III. Silence Indicator
The coding procedure of noise is the same as that of voice. After sampling and quantification, a noise block will be produce by encoder in every 20ms. Like voice block, the coded noise block also contains 260 bits, which forms a SID frame. The SID frame will go through channel coding, interleaving, encryption and modulation and finally be sent by eight continuous bursts.
On TCH, a complete SACCH information block has four 26 muliframe cycles (480 ms). In order to differentiate voice frame and SID frame, these eight continuous bursts are arranged at the beginning of the third multiframe. During other time of the 480 ms, no information is transmitted except SACCH timeslot. The SID frame made from the 20 ms noise block is interleaved with the preceding frame and the following frame; the first SID frame is interleaved with the preceding voice frame and the following SID frame.
Uplink DTX and downlink DTX are two irrelevant procedures that are activated by system parameters respectively.
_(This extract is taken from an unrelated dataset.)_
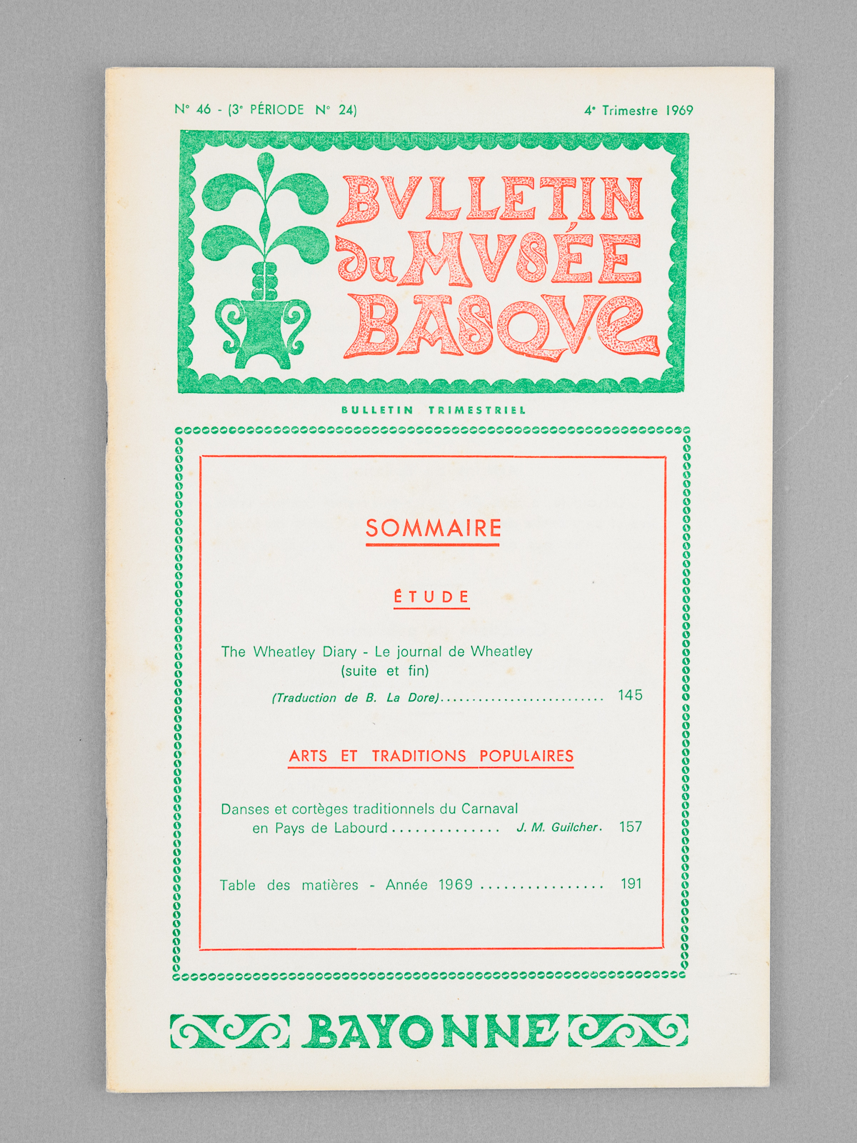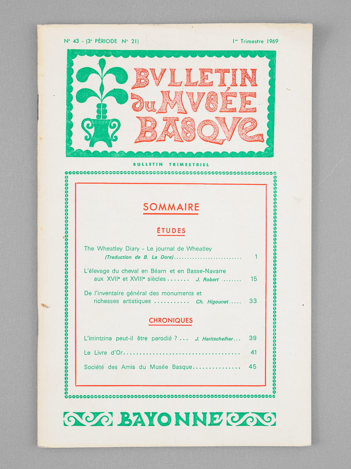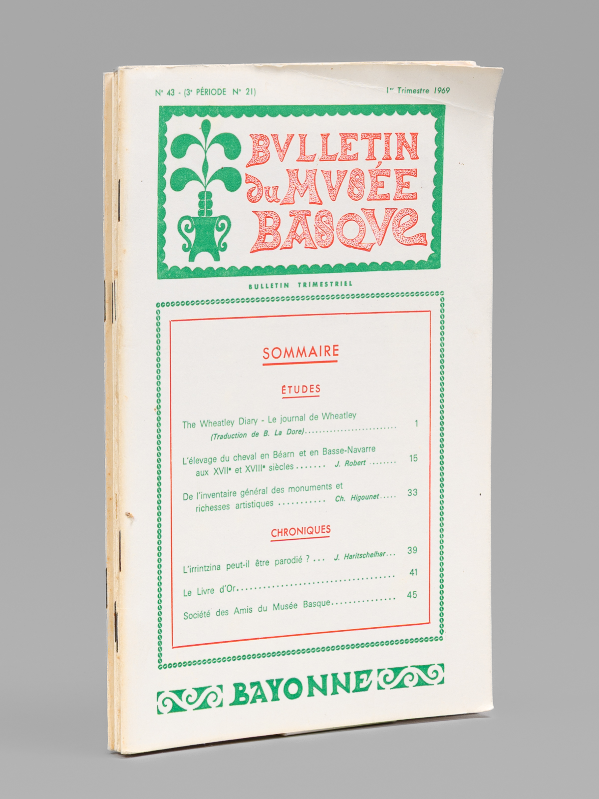 4 vol. in-12 br., Bulletin du Musée Basque, 1969, 192 pp. Commentaire : Bon état. Au sommaire : The Wheatley Diary - Le journal de Wheatley ; L'élevage du cheval en Béarn et en Basse-Navarre aux XVIIe et XVIIIe siècles ; De l'inventaire général des monuments et richesses artistiques ; [Chroniques :] L'irrintzina peut-il être parodié ?; Le droit d'asile de la Souveraineté de Bidache ; [Chroniques :] Revue des revues (année 1968) ; [Arts et traditions populaires :] Danses et cortèges traditionnels du Carnaval en Pays de Labourd ; Table des matières - Année 1969

There are two kinds of measurement in GSM: full measurement and sub measurement.
Global measurement is the average of the level and quality of the 104 timeslots in a measurement cycle (four 26 multiframes); local measurement is the average of level and quality of 12 timeslots, including eight continuous TCH bursts (for TCH/F, 0-103 TDMA frames as a cycle. The frame numbers of these eight bursts are 52, 53, 54, 55, 56, 57, 58, and 59. when no voice or signaling is transmitted, the descriptor of comfort noise they contain is called SID) and four SACCH bursts (0-103 TDMA frames as a cycle, for timeslot 0, the frame numbers of these four bursts are 12, 38, 64, and 90; for timeslot 1, the frame number is that of timeslot 0 plus 13. similarly, the frame numbers that the eight timeslots correspond to can be obtained in this way). In order to achieve uniformity, no matter the uplink DTX or downlink DTX is activated or not, BTS and MS must complete these two kinds of measurement. Each SACCH measurement report of BTS and MS indicates whether DTX is used in last measurement report time. BSC choose one of the two kinds of measurement based on this indication.